I need a proof for this binomial property.

[T.Rex]

Hi,
I've spent dozen of hours searching by my-self and dozen of hours searching on the Web. Now I need help.
Who could provide a proof for this binomial property ? I need it for another proof.
Thanks
Tony

Let: F_n=2^{2^n}+1 , n \geq 2 .

Prove: F_n \text{ prime } \Longrightarrow
F_n \mid A_{k_n} , \text{ where } k_n=2^{3 \times 2^{n-2}-1} \text{
and } A_{k_n} = \sum_{i=0}^{k_n/2}{k_n \choose 2i}
2^i
Examples:
n=2 , F_2=17 , k_2=4 , A_{k_2}=17
n=3 , F_3=257 , k_3=32 , A_{k_3}=257*1409*2448769
n=4 , F_4=65537 , k_4=2048 , A_{k_4}=\text{very big} \equiv 0 \
(\text{mod} F_4)
n=5 , F_5=4294967297 , k_5=8388608 , A_{k_5}=\text{VERY big} \neq 0 \ (\text{mod} F_5)

[T.Rex]

The formula can be checked with this PARI/gp program:

binomialmod(a,b,p)= B=1; while(a!=0 && b!=0,a_=a%p;b_=b%p;a=(a-a_)/p;b=(b-b_)/p; B=(B*(binomial(a_,b_)%p)%p)); return(B)

l(n)=S=0;F=2^2^n+1;k=2^(3*2^(n-2)-1);for(i=0,k/2, B=(binomialmod(k,2*i,F)*((2^i)%F))%F;S=(B+S)%F); print(n," ",F," ",k," ",S)

l(2)

[geraldmcgarvey]

I don't have a proof, but maybe this link can help if you haven't seen it already:

http://www.research.att.com/cgi-bin/access.cgi/as/njas/sequences/eisA.cgi?Anum=A000215

Are you trying to prove that only the first 5 numbers in this sequence are prime?
If you can, it's certainly worth doing.

[Hurkyl]

Well, you do know that


\sum_{i=0}^n {n \choose i} x^n = (1+x)^n


right?

Maybe it would help to see if you can do sequence manipulations to eliminate the odd terms from this sequence...

(then again, it might not)

[geraldmcgarvey]

something to note, 17 and 886731088897 are both in the sequence described at this link:

http://www.research.att.com/cgi-bin/access.cgi/as/njas/sequences/eisA.cgi?Anum=A001541

specifically they are at offsets 2 and 16 respectively.

[T.Rex]

Hi Gerald, Hurkyl,

Thanks trying to help me.
The formula I give in the first post of this thread gives Pell numbers.
While studying a certain Lucas Sequence, I found that it seemed that this Lucas Sequence could give a fastest proof of Fermat numbers primality than Pepin's test.

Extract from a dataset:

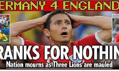 PRETORIA (Sudafrica) – La Germania batte 4-1 l’Inghilterra e al triplice fischio finale i toni dei giornali sono ovviamente diametralmente opposti. La Bild sulla prima pagina osanna i propri eroi con un “Grazie ragazzi, è stato incredibile!” continuando con un eloquente “La Germania mortifica l’Inghilterra anche grazie a un gol fantasma, il 1966 è vendicato“. Nell’Oltremanica i toni sono decisamente più cupi: “Tre Leoni macinati dalla Germania” titola il Mirror.
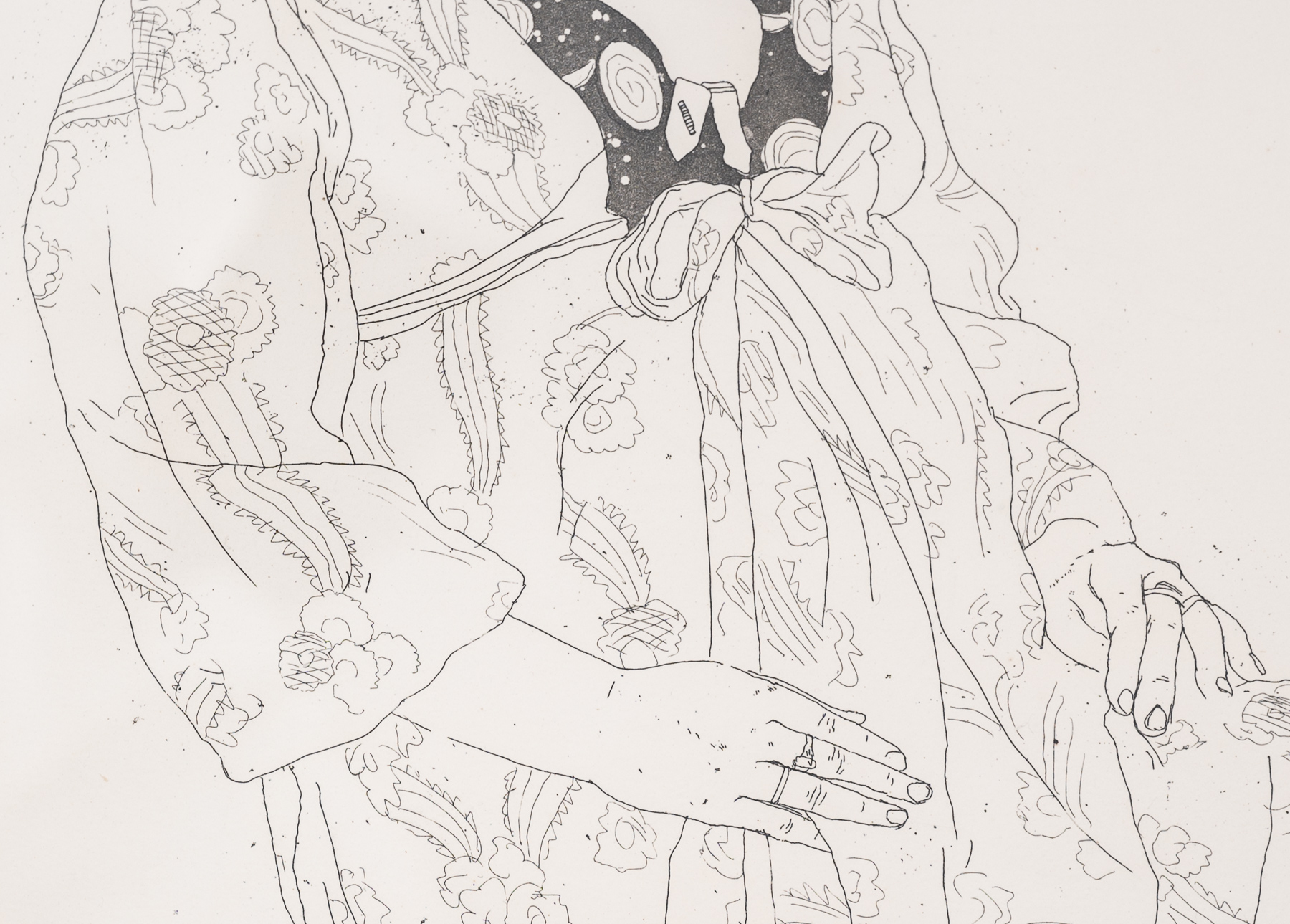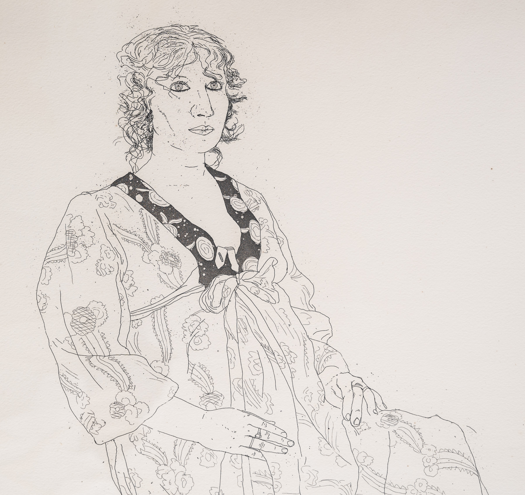 Original David Hockney etching of Celia Birtwell, iconic British textile designer and fashion designer, signed, numbered 13 of an edition of 75, dated 1969

Then I wrote a paper (no proof, only computing facts plus historical facts from E. Lucas) explaining that. The formula appeared when I tried to find other ways for computing the Pell Sequence.

I talked about this in another thread in this forum:
http://www.physicsforums.com/showthread.php?t=49778
and here is my paper: http://tony.reix.free.fr/Mersenne/PrimalityTest4FermatNumbers.pdf

I looked at the A000 sequences you talked about, but found no help.

About the (1+x)^n formula, yes I thought about using it, but I failed finding any way for finding some other formula where the Fermat number appears clearly.

If you have time, read my paper. I think I missed many things. But, what's interesting is that Edouard Lucas himself provided a theorem using the Pell Sequence that is very close to the one I talk about.
But, all of that seems to complex for me.

If someone could make a study of the period of Pell numbers modulo Fermat numbers of primes, that would help.

Regards,
Tony

[Hurkyl]

Well, note that:


(1+x)^n = \sum_{i=0}^n {n \choose i} x^i


(1-x)^n = \sum_{i=0}^n {n \choose i} (-x)^i


(1+x)^n + (1-x)^n = \sum_{i=0}^n {n \choose i} (x^i + (-x)^i)


(1+x)^n + (1-x)^n = 2 \sum_{i=0}^{n/2} {n \choose 2i} x^{2i}


\frac{1}{2} (1+\sqrt{2})^{k_n} + (1-\sqrt{2})^{k_n}
= \sum_{i=0}^{k_n/2} {k_n \choose 2i} 2^i


Ick, so it involves square roots. :tongue: Maybe you can do the problem in a number field? I.E. use \mathbb{Z}[\sqrt{2}] instead of \mathbb{Z}. (Or are you supposed to use \mathbb{Z}[(1 + \sqrt{2})/2]? I can't remember)

Does 2 have any square roots in Z mod F_n?